Dusting off my Growl Library December 21st, 2011
Patrick Stein

I’ve spent the last few hours dusting off my Common Lisp Growl client library. The last time I worked on it was before the Mac Growl Application supported GNTP (Growl Notification Transport Protocol).

Today, working on it, I’m not quite sure what’s up, but I am not succeeding in communicating with the server using encryption. I’ll have to look more closely. Last time that I worked on it, I extended Ironclad, but I never got those changes pushed fully into Ironclad’s main line. But, I think I’m using the same version of Ironclad that I was using when I tested against the Windows Growl Application. *shrug*

I’ve also run into a snag with the Callbacks. Essentially, your Lisp program could get a callback when the user has clicked on your Growl notification. This actually works except for the fact that I am calling READ-SEQUENCE into a buffer that is longer than the message. The server, I believe, is supposed to close the socket after the callback. But, it does not. So, I am stuck waiting for more bytes that will never come.

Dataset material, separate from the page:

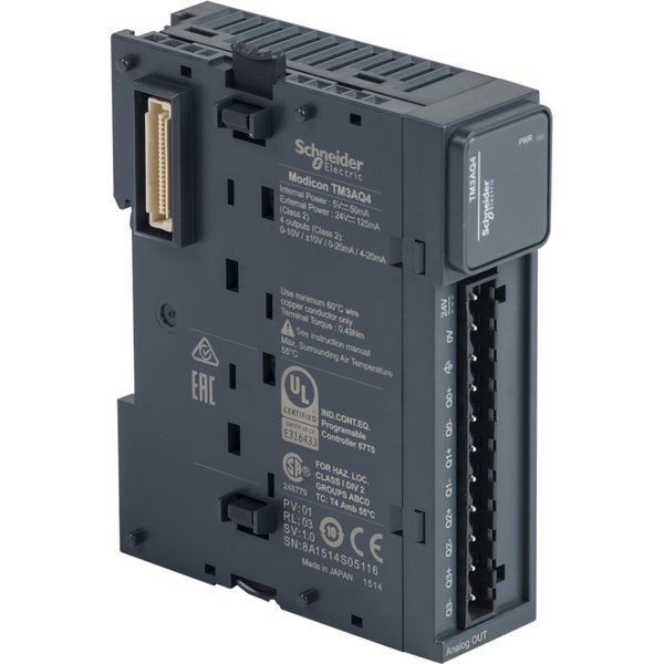 Analoges Ausgangsmodul Modicon TM3. Zur Erweiterung von Modicon M221, M241, M251 und M262 SPS-Steuerungen mit E/A-Kanälen. Kompatibel mit Drittanbieter-Steuerungen mittels Modicon TM3 Buskoppler. Insgesamt 4 analoge Ausgänge (-10V bis +10V / 0V bis 10V / 0mA bis 20mA / 4mA bis 20mA) mit 12Bit Auflösung. Projektierung und Konfiguration mittels Software EcoStruxure Machine Expert oder Standalone Konfigurator (Download über www.se.com). Anschluss über abnehmbare Schraubklemmleisten mit Rasterabstand 5,08mm. Umgebungstemperatur im Betrieb -10°C bis +55°C. Montage auf 35mm DIN-Hutschiene oder direkt auf Schalttafel mit optionalem Halter. Zertifizierungen nach CE, cULus/CSA, EAC, RCM, cULus Hazardous Location.

Now, I either have to do one of the following:

  • refactor it to use READ-LINE instead
  • switch from using USocket to using IOLib (and hope that :dont-wait works as expected)
  • extend USocket to support SOCKET-RECEIVE even on TCP sockets

Anyone have a preference?

CL-Growl patched for CCL April 29th, 2010
Patrick Stein

Alexandre Paes submitted a patch for my CL-Growl library so it now works with CCL (aka. Clozure, formerly OpenMCL), too.

Here is the source tarball: cl-growl_1.1.2010.04.29.tar.gz and the corresponding GPG signature: cl-growl_1.1.2010.04.29.tar.gz.asc. For other ways to access this code, see the CL-Growl page.

Thank you, Alex!

CL-Growl Slides April 23rd, 2010
Patrick Stein

On Monday, I am giving a lightning talk at the TC Lispers meeting about my Common Lisp Growl client library.

Here are the slides with presenter notes and the accompanying sample code.

CL-Growl client library released April 12th, 2010
Patrick Stein

Growl is a notification system for Mac OS X. You run a Growl server on your machine. Then, applications can send notifications that will be displayed on your desktop. Growl supports a thin network protocol called Growl Talk that programs can use to send notifications to the Growl server (and hence, to your desktop).

Growl is incredibly useful for any program that operates asynchronously with the user. If you want to be notified when some portion of your job completes or when there is a critical error in your web application, Growl is a great tool to have at your disposal.

I wrote an implementation for Common Lisp of the client protocol. Here is a simple example of how you might use it:

(let ((growl:*growl-default-app* "My Lisp Application")
      (growl:*growl-default-host* "localhost")
      (growl:*growl-default-password* "my-growl-password"))
  (growl:register :enabled (list "Warn" "Error")
                  :disabled (list "Info"))
  (growl:notify "Program starting up..."
                :notification "Info")
  (unless (connect-to-database ...)
    (growl:notify "Cannot connect to database!"
                  :title "Critical Error!"
                  :notification "Error"
                  :sticky t
                  :priority 2)))

For more complete usage information and to learn how to obtain the library, see the CL-Growl web page.